He no longer saw Brett. He was not one of those detailed to travel over to the city every couple of days, there to purchase some salt pork and vegetables. This reprovisioning was carried out with the sufferance of Governor Pickens, at the urging of some prominent gentlemen of Charleston.
Some other gentlemen, equally prominent, hated the idea of the garrison’s receiving food and mail, and said so frequently. One of Brett’s letters informed Billy that Rhett of the Mercury was particularly strong about starving the garrison into surrender. Billy suspected the governor had the same objective and was merely pursuing it in a different way. Pickens had refused to permit the forty-three civilian masons and bricklayers to leave Fort Sumter. Presumably they would continue to devour provisions, thus hastening the day when Anderson would have to ask for terms. Several officers were outspoken in saying that the governor was bluffing, that he had no power to issue such an edict. Doubleday argued that the workmen could be dumped ashore in the dead of night if Anderson truly wanted to be rid of them. He didn’t say it to Anderson’s face, however, and the commandant, sensitive to the immense danger in any confrontation with local authorities, didn’t push for a test of the question.
Brett reported that the provision detail marched to and from the Charleston market with loaded muskets. Crowds followed the soldiers, and now and again someone yelled Doubleday’s name. He was the most hated man in the fort, a known Black Republican. If he ever set foot in the city, she predicted, he would be mobbed and hanged. So, like Billy, Doubleday remained a prisoner in the harbor.
Billy kept as busy as he could. When the masons under his command finished bricking up the unused windows in the second-tier casemates, Foster put them all to work on the main gate.
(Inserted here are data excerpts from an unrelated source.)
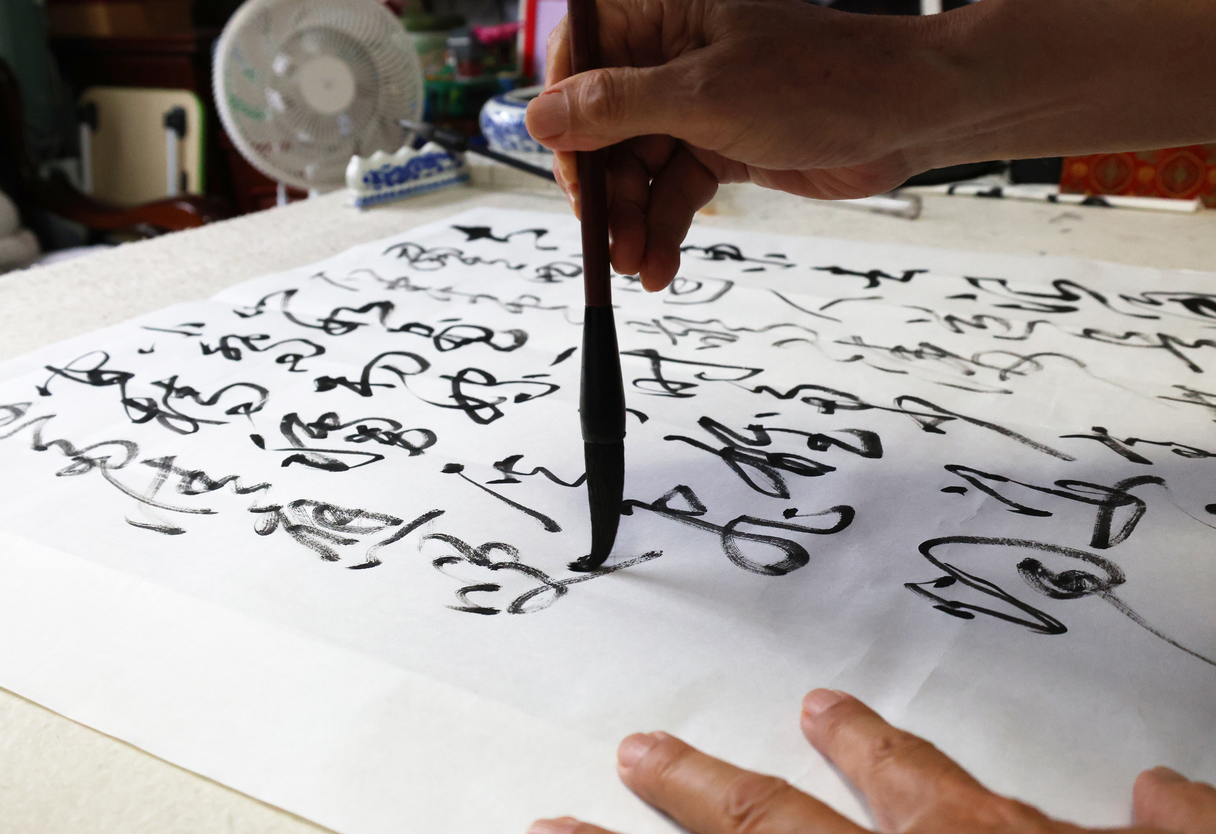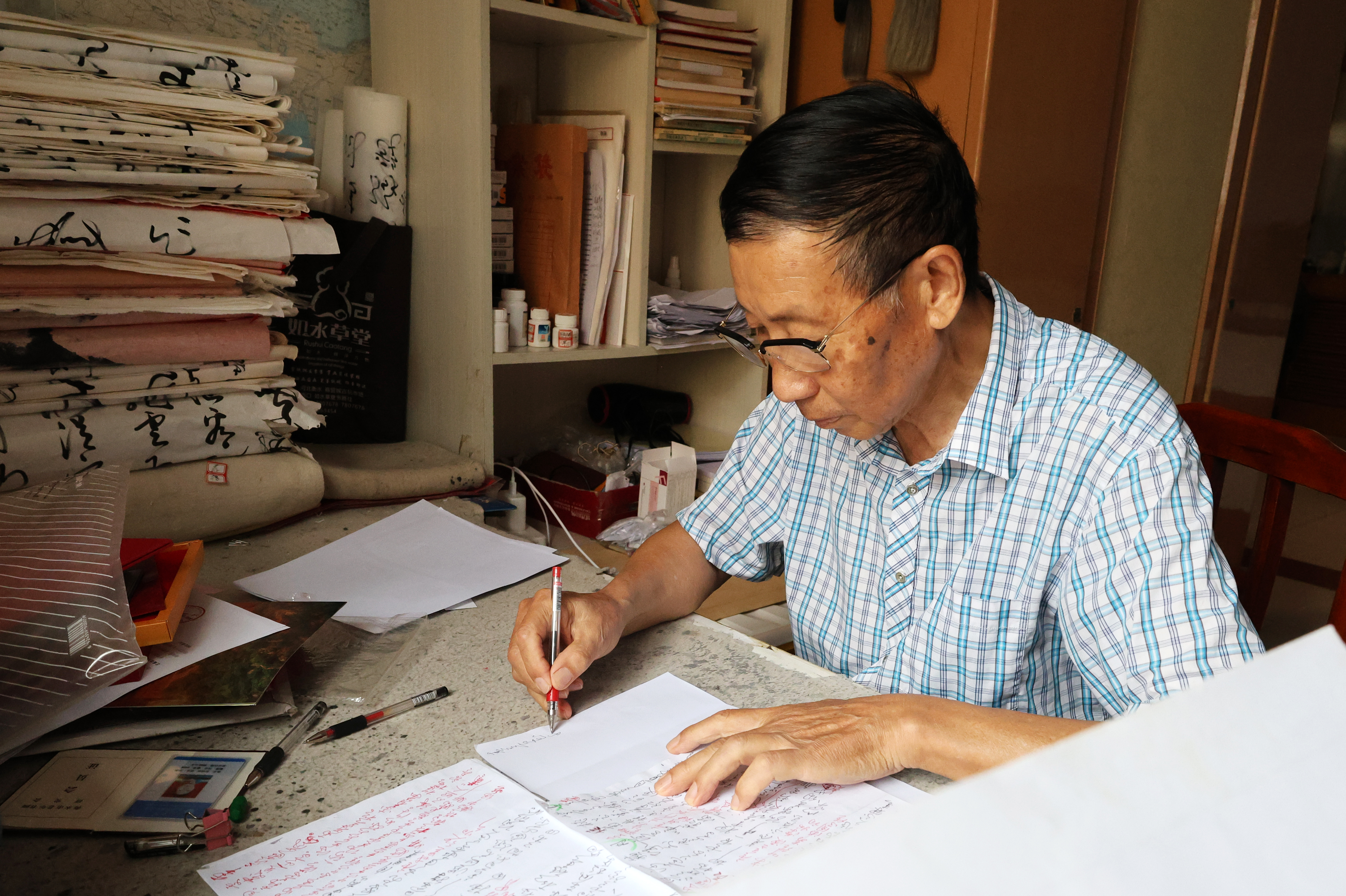 记者在他的卧室书桌上看到,桌子的最里侧堆放着一米多高的宣纸作品,每一张都叠得整齐,旁边还放着同样高度的草稿纸,密密麻麻的字迹上,红笔修改痕迹清晰可见。“这些都是近十年练的,床底下也装满了书法作品。”封锦湘笑着说,为打磨技艺,他从不在乎笔墨消耗,“能把草书写好,这点投入不算啥”。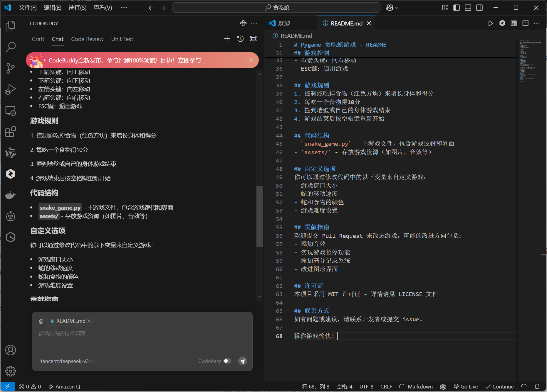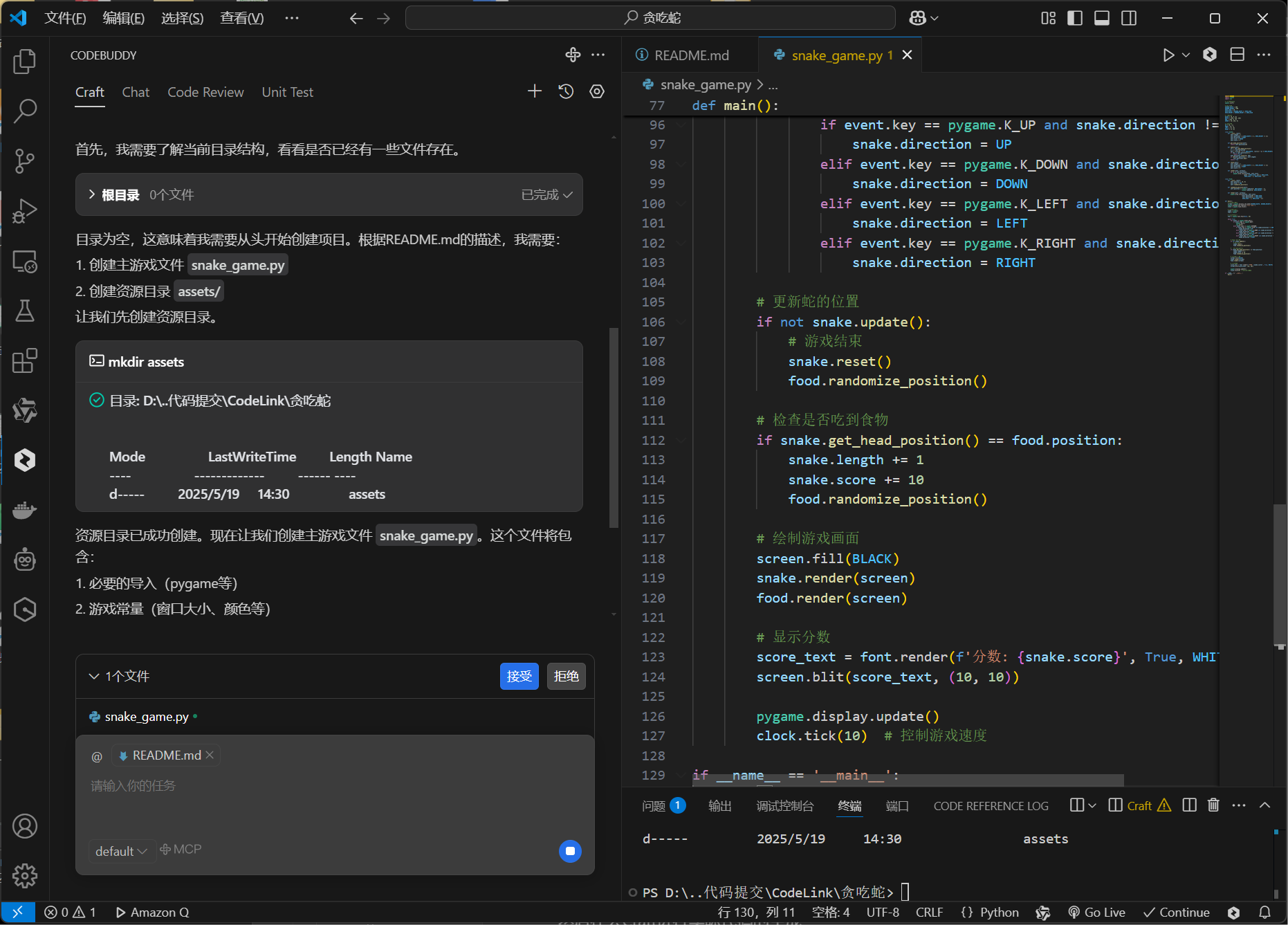 Codebuddy 最戳我的就是它超快的代码生成速度。就拿贪吃蛇游戏来说,要是自己从零开始敲代码,光是搭个基础框架,就得吭哧吭哧写好一会儿,还不一定能写得顺。但在 Codebuddy 里,只要我用大白话输入需求,比如 “搞个 Pygame 的贪吃蛇游戏窗口”,它唰地一下就能给我甩出一段能用的代码。这效率,直接把摸鱼开发的时间成本砍了一大半,四舍五入就是多摸了半小时鱼啊!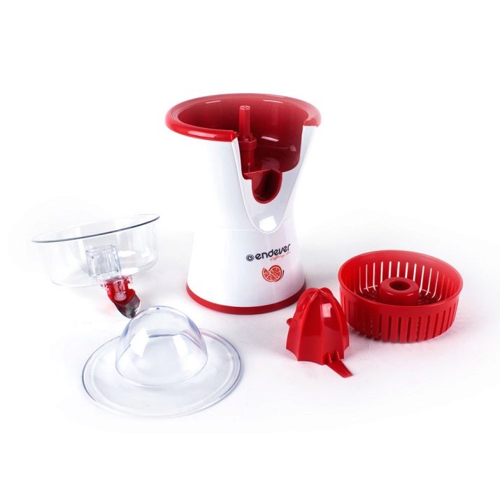 Механизм работы: при эксплуатации, фрукты необходимо поддерживать рукой, выжимая сок (это не относится к более дорогим аналогам). Прибор можно разложить на следующие составляющие: контейнер для сока, конусообразные лезвия и мини-двигатель с мощностью от 30 до 90 Вт.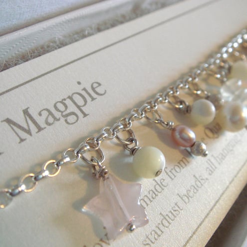 From the sterling silver chain hangs rose quartz stars, moonstone stacks, mother of pearl beads, freshwater pearls and silver stardust beads.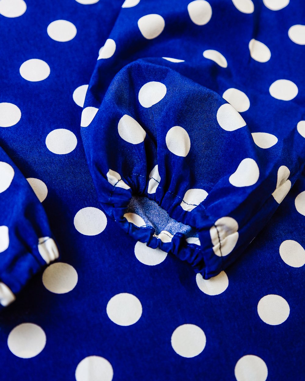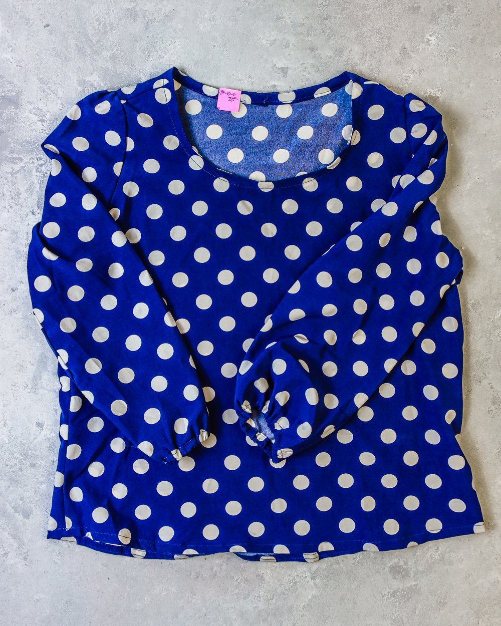 FF-BV-L-23 Blusa Azul con Puntos Blancos, Cuello Redondo, Mangas Largas, Size L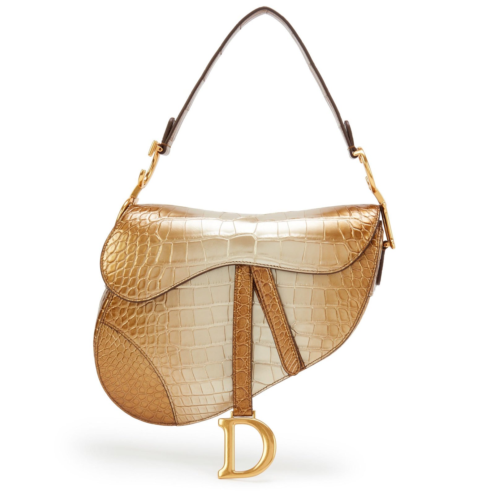 Christian Dior Metallic Gold Gradient Shiny Alligator Saddle Bag Gold Hardware, 2020The interior is lined in brown suedeIncludes dustbag, gloves, gloves dustbag, authenticity card, care booklet, CITES, front hardware dustbag, and boxThis item is final sale and not eligible for return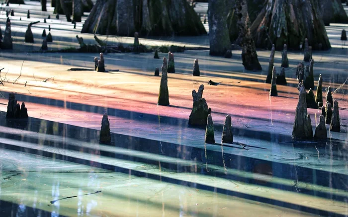 Лес здесь затоплен, почва покрыта тонким слоем воды. И зимой при определенном освещении вода превращается в исполинских размеров радугу. Лишь редко стоящие кипарисы разбивают ее своими тенями. Особенно хорош эффект, когда солнце стоит низко и свет проникает сквозь деревья под идеальным углом.

A thick wall of stone was mortared into place on the inside, with just a single, iron-covered bolt hole left in the center. As soon as wall and bolt hole were done, Anderson ordered a twenty-four-pound howitzer moved up to cover the new, smaller entrance.
Everyone in the fort had fallen into a kind of stupor. Working hours were long; tension heightened normal tiredness. The toll was particularly heavy on Captains Seymour and Doubleday. They alternated as officers of the day and spent every other night awake.
The seriousness of the situation made the soldiers more candid, less concerned with protocol. This was demonstrated one afternoon when Doubleday and Billy watched from the parapet as a small schooner warped in to a wharf on Morris Island. The schooner was carrying railroad plate that would be spiked to the slanted timber face of a battery under construction on Cummings Point, little more than twelve hundred yards away.
“Look at that,” Doubleday exclaimed. “We’re giving them all the time in the world to place their guns and bring up their ammunition.”
It was true. From Moultrie, now heavily fortified with cotton bales and sandbags, all the way around to Cummings Point, cannon menaced the harbor fort. Their state artillery crews practiced regularly. Right this moment Billy could see men scurrying around a dozen guns while above them strange flags with palmetto or pelican devices fluttered in the sunshine.
Like most others in the garrison, Billy found Major Anderson a decent, conscientious man—if rather old and pious. He felt compelled to respond to the implied criticism.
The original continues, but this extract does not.